Problem ▸
Take the material below and extract the lines from the one with "Become queen of" through the one with "DIESE CAP VON", word for word, without pictures.

Dataset ▸
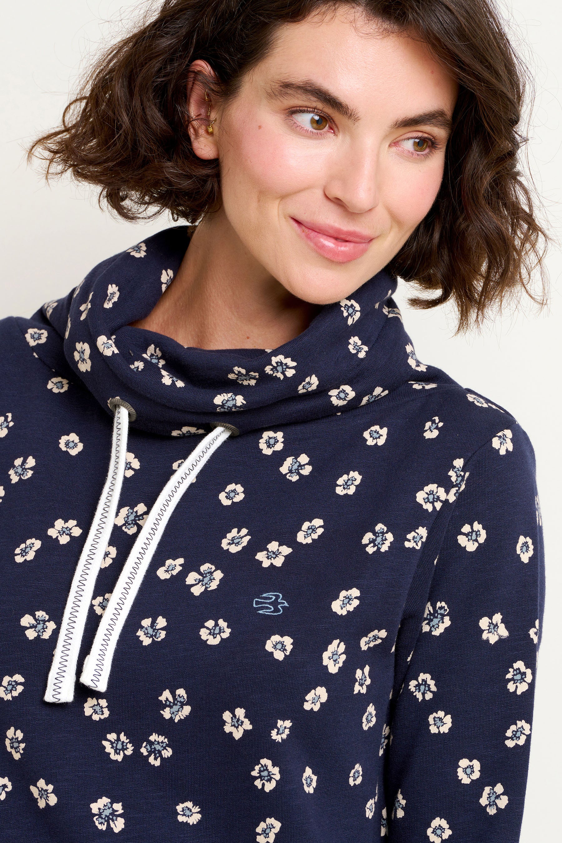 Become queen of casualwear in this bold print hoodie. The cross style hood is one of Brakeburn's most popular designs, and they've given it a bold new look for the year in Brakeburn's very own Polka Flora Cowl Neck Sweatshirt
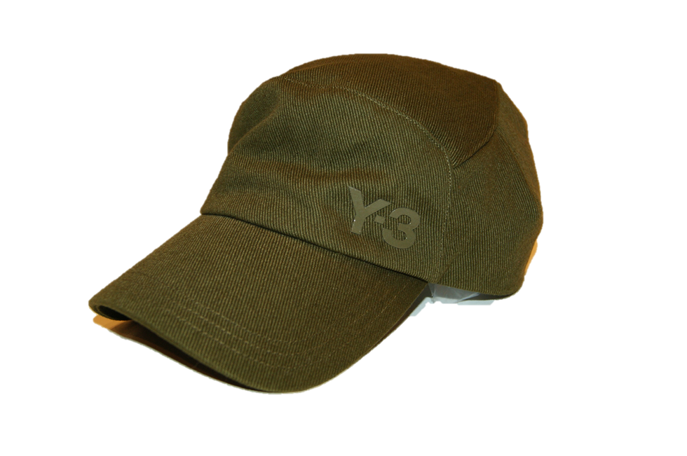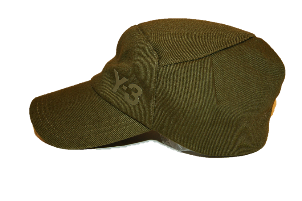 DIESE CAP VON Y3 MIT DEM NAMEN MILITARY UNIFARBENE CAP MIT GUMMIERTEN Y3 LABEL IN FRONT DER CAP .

---

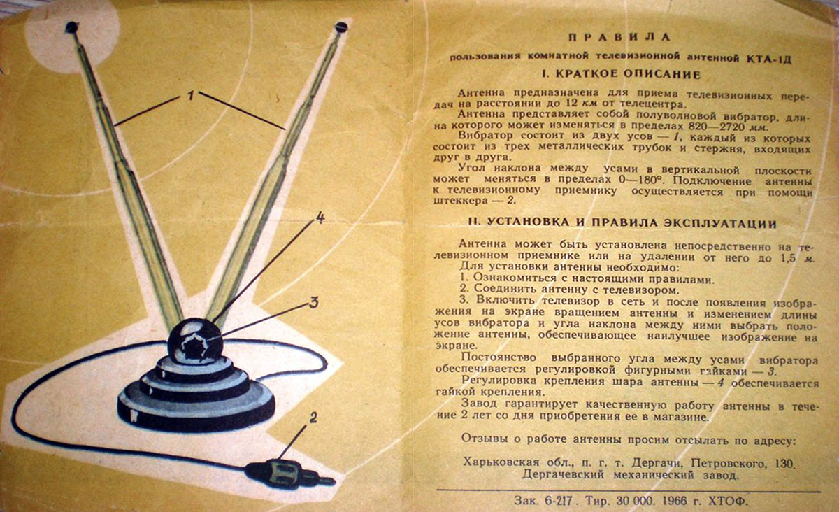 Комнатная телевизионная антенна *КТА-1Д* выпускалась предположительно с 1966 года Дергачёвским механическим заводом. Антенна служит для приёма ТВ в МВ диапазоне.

Output below ▸
 Become queen of casualwear in this bold print hoodie. The cross style hood is one of Brakeburn's most popular designs, and they've given it a bold new look for the year in Brakeburn's very own Polka Flora Cowl Neck Sweatshirt
 DIESE CAP VON Y3 MIT DEM NAMEN MILITARY UNIFARBENE CAP MIT GUMMIERTEN Y3 LABEL IN FRONT DER CAP .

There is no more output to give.